My Rating: 2 out of 5 stars

My Recommendation: SKIP IT. This Superman will not save us.

Superman, written and directed by James Gunn, chronicles the travails of the iconic Man of Steel as he fights to protect humanity against Lex Luthor’s various nefarious schemes.

James Gunn made a name for himself writing and directing the popular Guardians of the Galaxy trilogy of films for the Marvel Cinematic Universe, now he is not only writing and directing a film for the DC universe…he runs the whole damn thing, having been named co-CEO of DC Studios.

Superman is the launching pad for Gunn’s new DCU, and its success is pivotal in making his new superhero cinematic universe venture work.

Having just seen Superman, color me extremely dubious as to the chances of Gunn’s DCU saving the floundering comic book movie business.

A couple of things to convey before diving into the specifics of Gunn’s Superman. First, I’ve never been a huge fan of the character Superman, as I’ve found him to be a bit bland (my favorite Superman comic is Red Son – which sort of flips the Superman archetype on its head by having him grow up in the Soviet Union instead of Kansas). I don’t dislike the character, I just don’t love him (I’m more of a Batman guy), which is why while I’ve seen all the various Superman movies, I’ve never seen a single second of any of the numerous Superman tv shows.

Secondly, I know James Gunn is a polarizing figure to many, and I get that as he can be a grating presence in the public eye, but I thought he did a terrific job with the Guardians of the Galaxy movies and injected a much-needed bit of life into the MCU when it needed it. I even somewhat appreciated his earlier DC work – his Suicide Squad film and his Peacemaker series.
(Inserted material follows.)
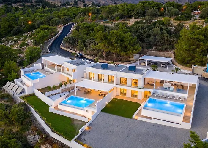 Villa Mimosa In Pefkos obsahuje plavecký bazén, nabízí ubytování vedle Saint John. Vila má 4 ložnic a 4 koupelen. Toto ubytování nabízí vnitřní dvorek pro relaxaci.

Which brings us to Superman. The film hit theatres on July 11th and won its first weekend with a big box office showing of $125 million domestic. That’s a good start…but it’s not earth-shattering. The film has a reported budget of $225 million, and once you add-on the marketing budget and the theatre’s cut, then you’re looking at the movie needing to make around $650 million in order to break even. In the old days of a decade ago that would be a no-brainer…but times have changed and its now no sure thing.

A big part of why it’s no sure thing is that Superman, despite its early box office success, unfortunately, is not a good movie. In fact, it is kind of a mess.

After having seen a matinee of it with my young son yesterday I can report that the film just doesn’t work – a strong indicator of which was that my son was literally so bored he squirmed in his seat so much that in our nearly empty theatre he ended up literally watching the film upside down for periods of time. (By the way…my young son’s analysis of the movie was that Jurassic World: Rebirth is much better…although he did like the Superdog – which is a dog very reminiscent in looks and behavior to his grandmother’s dog).

The problem is that Gunn’s story is convoluted to the point of utter incoherence. In order to avoid spoilers, I won’t get into any discussion of the plot, but just know that it is over-burdened, bloated and decidedly boring.

The cast are all fine, I suppose, with lead David Corenswet making for a passable but rather charisma-free Superman.

Rachel Brosnahan plays Lois Lane and she is unquestionably a good actress but is hamstrung by both a shallow script and an abysmal and unflattering wardrobe.

Nicholas Hoult, also a terrific actor, plays Lex Luthor and his role too seems terribly underwritten and as a result his performance never gains any momentum or makes much sense.

Making sense is just not this movie’s strong suit.

There has been a bit of controversy around this movie, some are angry about Superman’s status as an “immigrant”, other’s angry that an evil country in the film may be Israel – and its victims Palestinians. I find both controversies to be mind-numbingly annoying mostly because the film is so flat that it just cannot generate any emotional (or political) charge from me at all.

Speaking of flat, a major, major, major issue with the film is its aesthetic. This movie is shot by cinematographer Henry Braham like it’s a TV show, with an over-brightness that gives it a flat visual presence. It was striking how derivative and cinematically dull this movie looked.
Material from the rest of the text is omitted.